Он не умер. Неправду говорят, будто здоровые, сильные духом и телом люди могут умереть от нравственных потрясений. Здоровый, крепкий организм Павла Кобыцкого не надломили и даже не ослабили те несколько лет, которые испепеляющей молнией, страшным ураганом пронеслись в его тихой, однообразной, убогой жизни.

С того дня, когда так внезапно окончилась эта драма, прошло уже немало лет, но и сейчас на серебряной глади Немана можно увидеть, как он плывет в своем челноке по утрам навстречу розовой заре или вечерами под сумеречным закатным небом. У соснового бора он выходит на песчаный берег или пристает к острову, покрытому белоснежным ковром гвоздики и зарослями высокого царского скипетра. Его часто сопровождает десятилетний мальчик с льняными волосами и большими черными глазами под длинными ресницами. Старый рыбак немного сгорбился, поседел. Он всегда молчалив и задумчив, а мальчик, живой, смелый, румяный, болтает без умолку. Сразу заметно, что между ними царит полное согласие, что им хорошо вместе. Если мальчик иной раз надолго исчезает среди царского скипетра, по реке разносится мужской голос:

— Ктавьян! Эй, Ктавьян!

И тогда из чащи стеблей и больших косматых листьев колокольчиком звенит детский голос:

— Ку-ку, татко! Ку-ку!

Улыбка освещает суровое лицо рыбака, и он кричит мальчику, чтобы тот набрал воды в горшок, куда они бросают пойманную рыбу.

Октавиан выбегает из зарослей с охапкой белых гвоздик в руках. Присев на корточки у края берега, он смотрит, как льется вода в горшок, и, подражая ее журчанию, звенит на весь берег:

— Буль-буль-буль!

По всему видно, что этот ребенок счастлив.

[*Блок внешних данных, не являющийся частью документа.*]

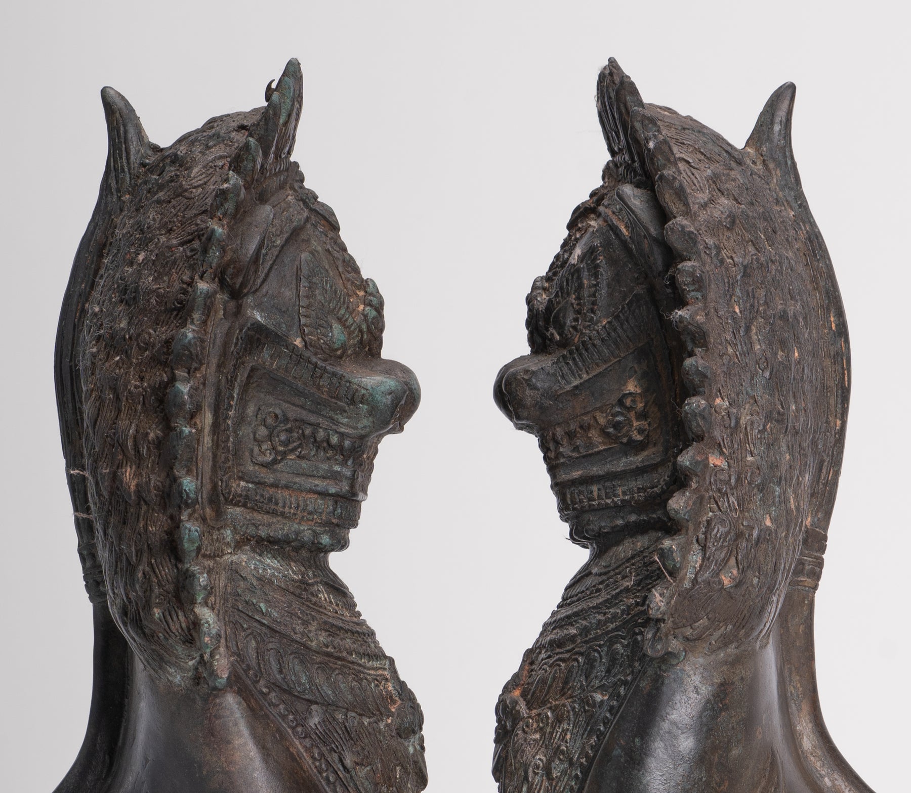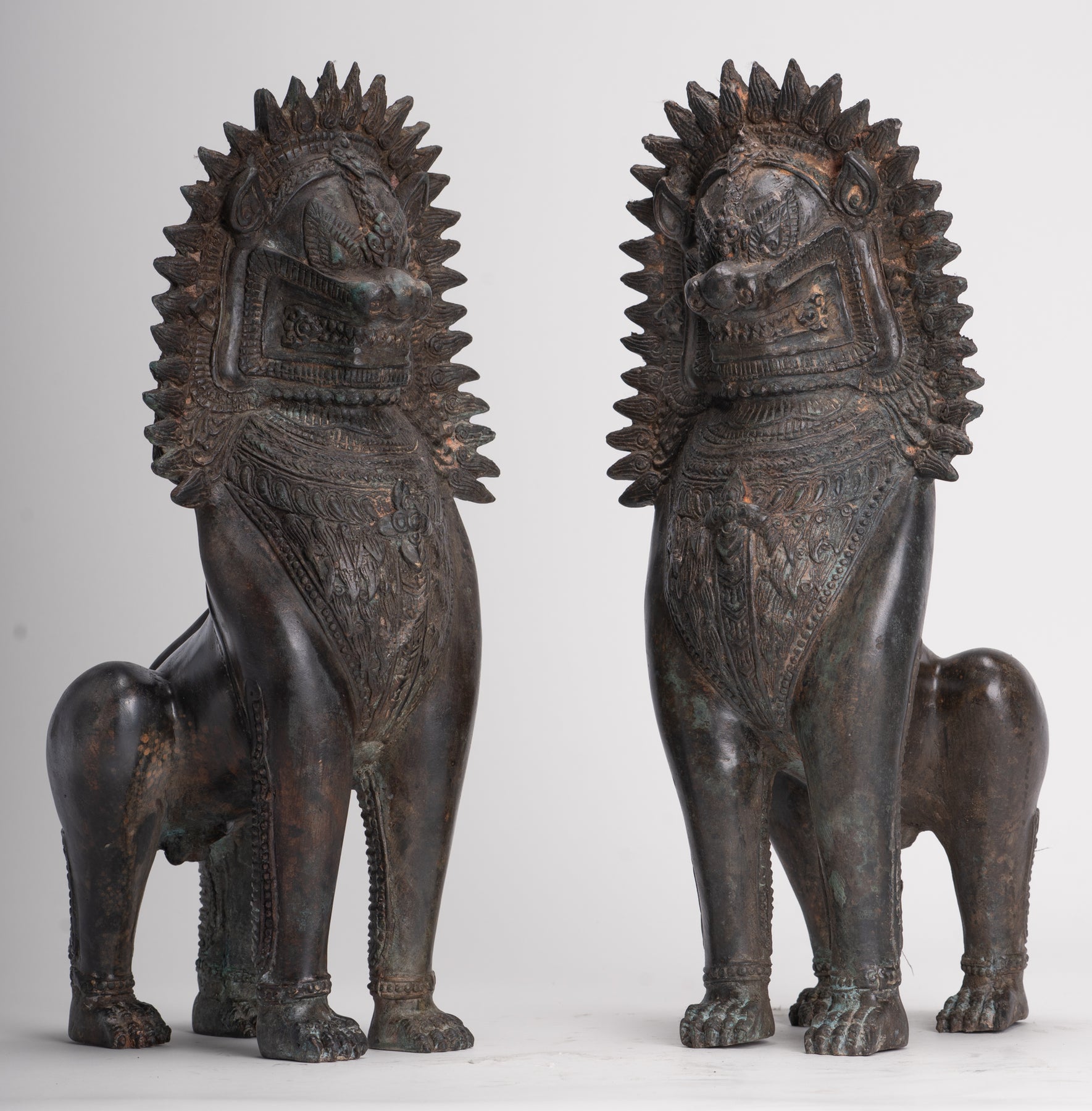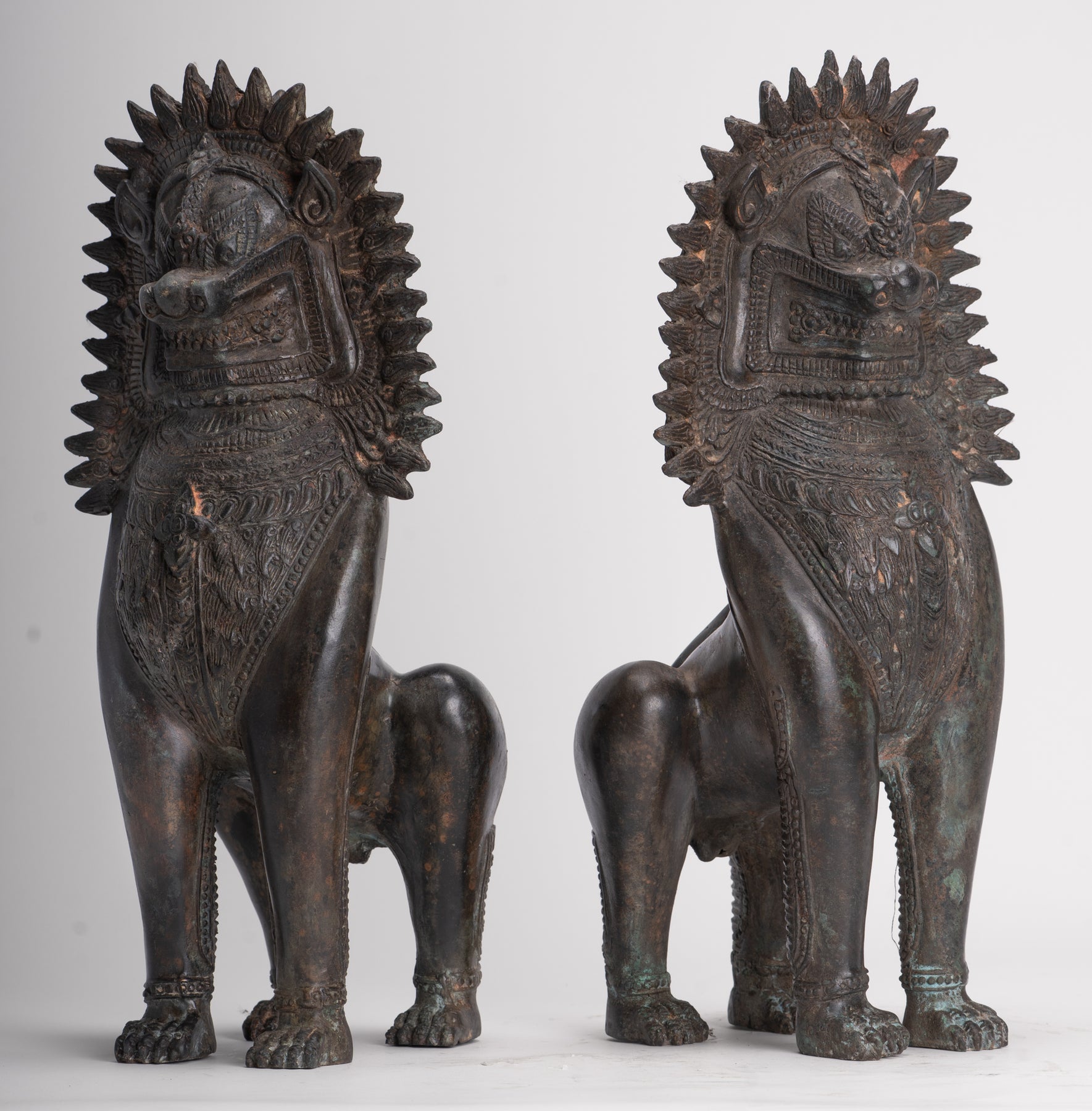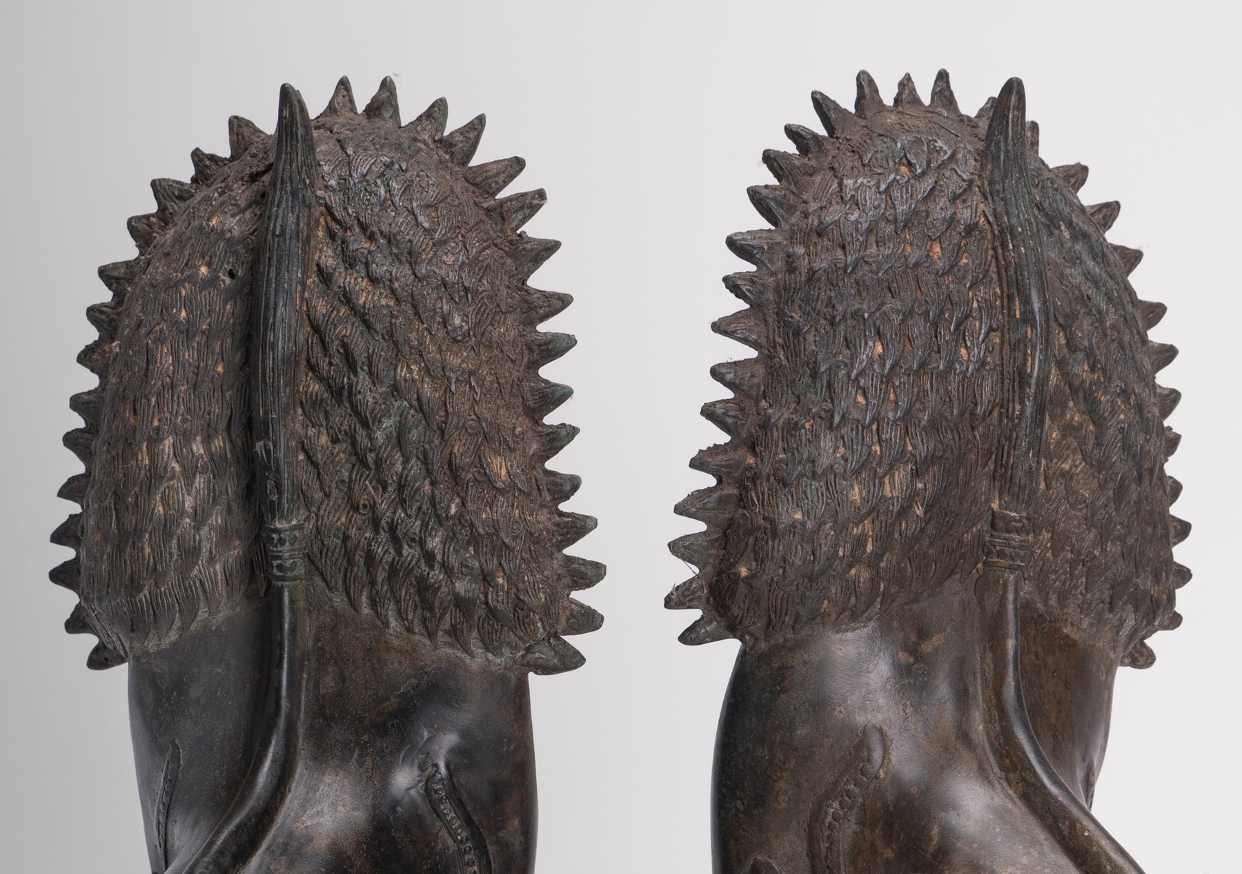 Leone del tempio - Guardiani o leoni del tempio Singha in bronzo in stile tailandese antico - 41 cm/16" (coppia)
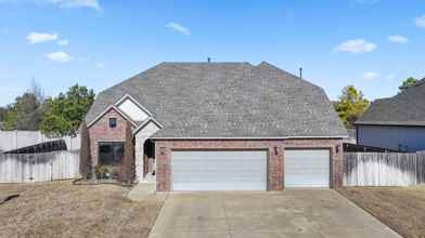 Stunner! This beautiful home features a spacious open floor plan with primary suite and private office on 1st level. Upstairs offers a huge game room and 3 additional bedrooms + 3.5 baths Enjoy a covered back patio, a functional mudroom, impressive primary suite complete with a massive walk in closet, his and hers sink, and a relaxing whirlpool tub. Elegant kitchen with oversized island, granite counters, Farmhouse sink, stainless steel appliances, and gas cooktop Ideally located with quick access to Tulsa hills, highways, and neighborhood pool and clubhouse. This home truly has it all!!
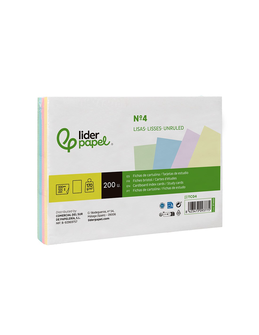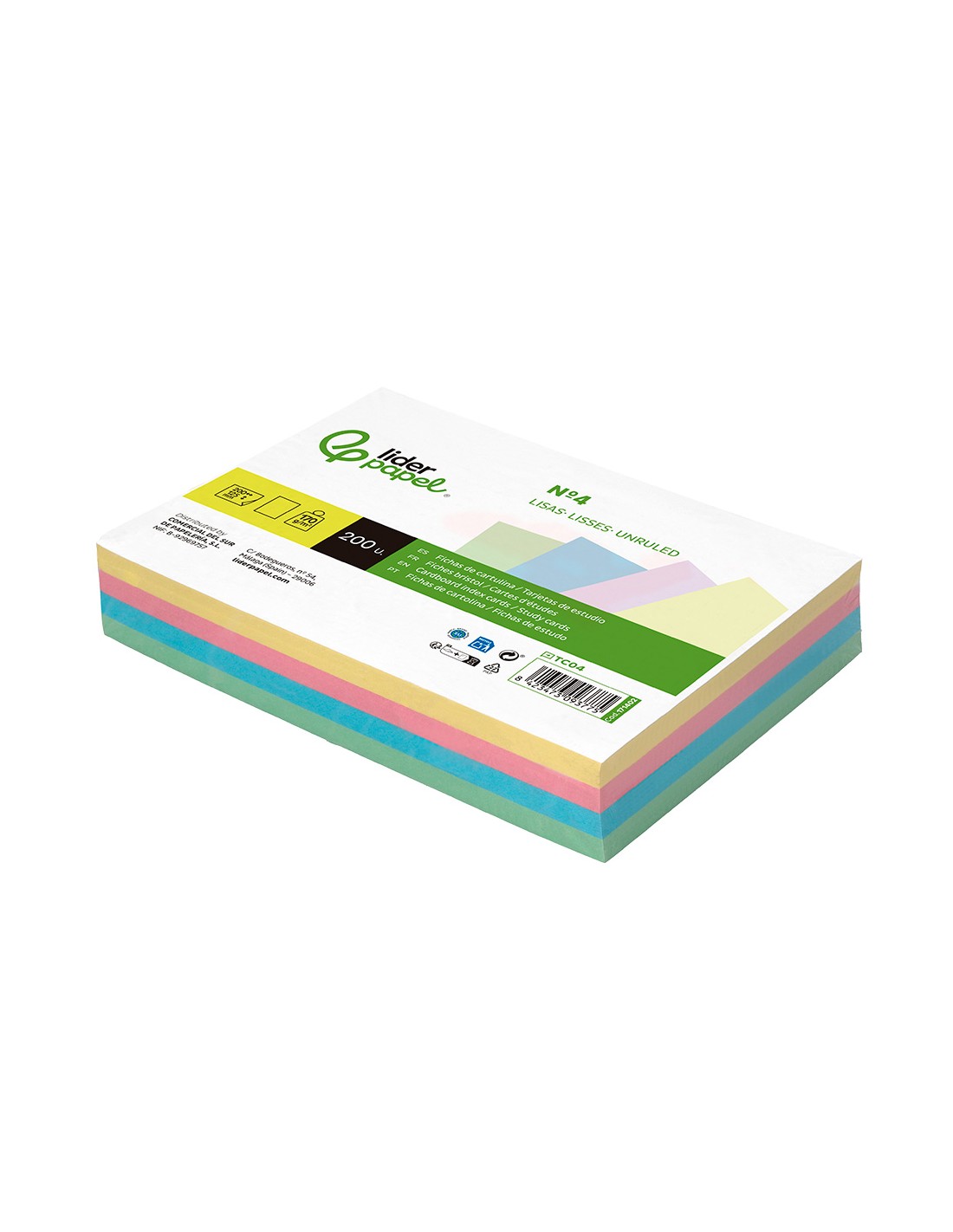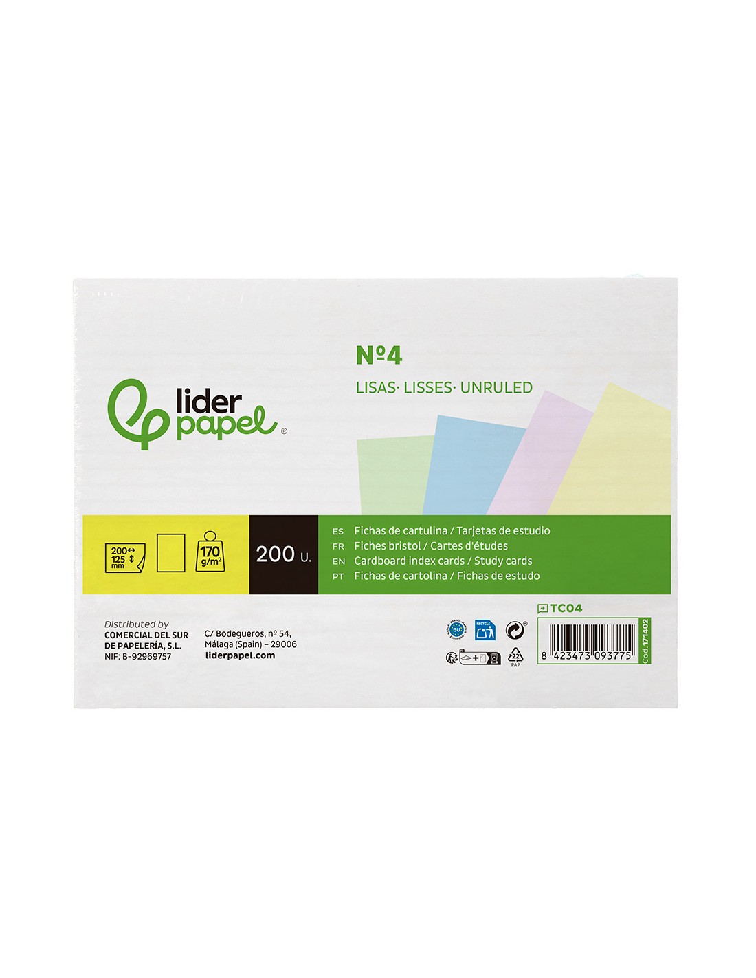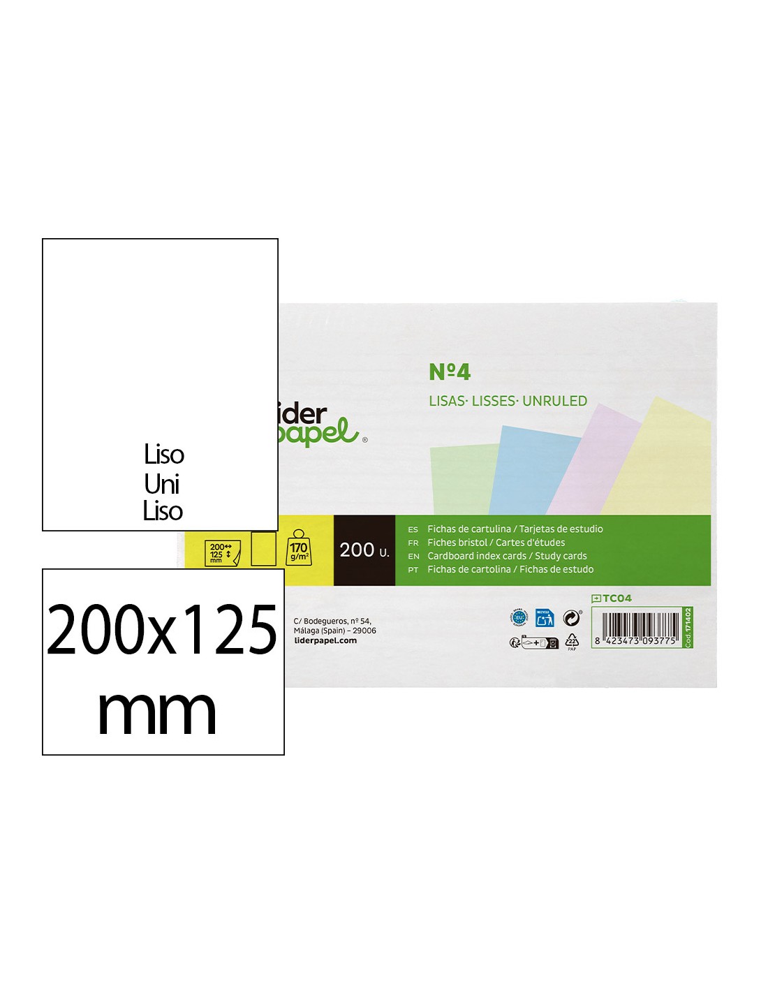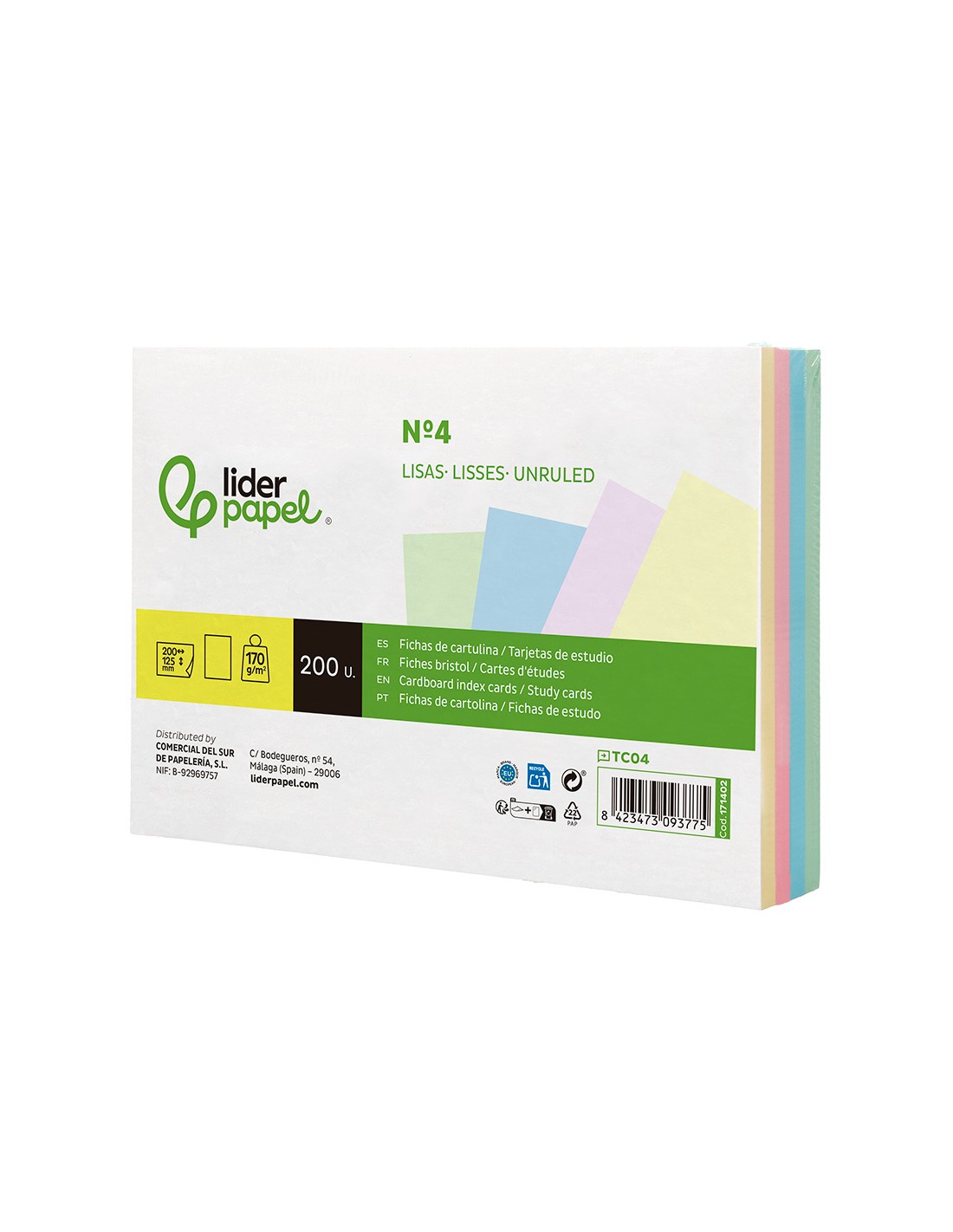 Tarjeta liderpapel para estudiar lisa cartulina de colores 170 gr/m2 125x200mm paquete de 200 unidades

А что же чувствует, о чем думает во время своих постоянных поездок по реке тот, кто заменил ему отца? Этого никто не знает: никому не поверяет рыбак своих чувств и мыслей. Говорят, он со дня похорон ни разу в беседе с людьми не упоминал о покойнице жене. Он, как и когда-то, не ищет общества людей. И весною, летом и осенью небо заменяет ему дом, а река — жену.

А в долгие зимние вечера в окошке неманского рыбака допоздна светится слабый огонек лампы, и парни и девушки, когда проходят мимо, спеша на вечерницы к Козлюкам, слышат за этим окном монотонный голос, неустанно бормочущий что-то. На столе раскрыт молитвенник, а над ним склоняется высокий седой человек с морщинистым лбом и, с трудом произнося по складам длинные слова, медленно читает напечатанные в книге молитвы. Других книг Павел Кобыцкий до сих пор не видел и, вероятно, никогда не увидит. В городе, куда он ездит, никаких книг не купить, а достать их у людей или хотя бы узнать что-нибудь о них ему очень трудно. Зато свой молитвенник он прочитал от первой до последней страницы уже три раза и сейчас начал читать в четвертый. Впрочем, последние два-три года у него уже меньше времени для чтения: часто на столе вместо молитвенника Франки раскрыт старый букварь с пожелтевшими, истрепанными страницами, а рядом с Павлом на высокой табуретке сидит Октавиан и, запустив руки в свою льняную кудель, бубнит: — Б-а — ба. Б-е — бе.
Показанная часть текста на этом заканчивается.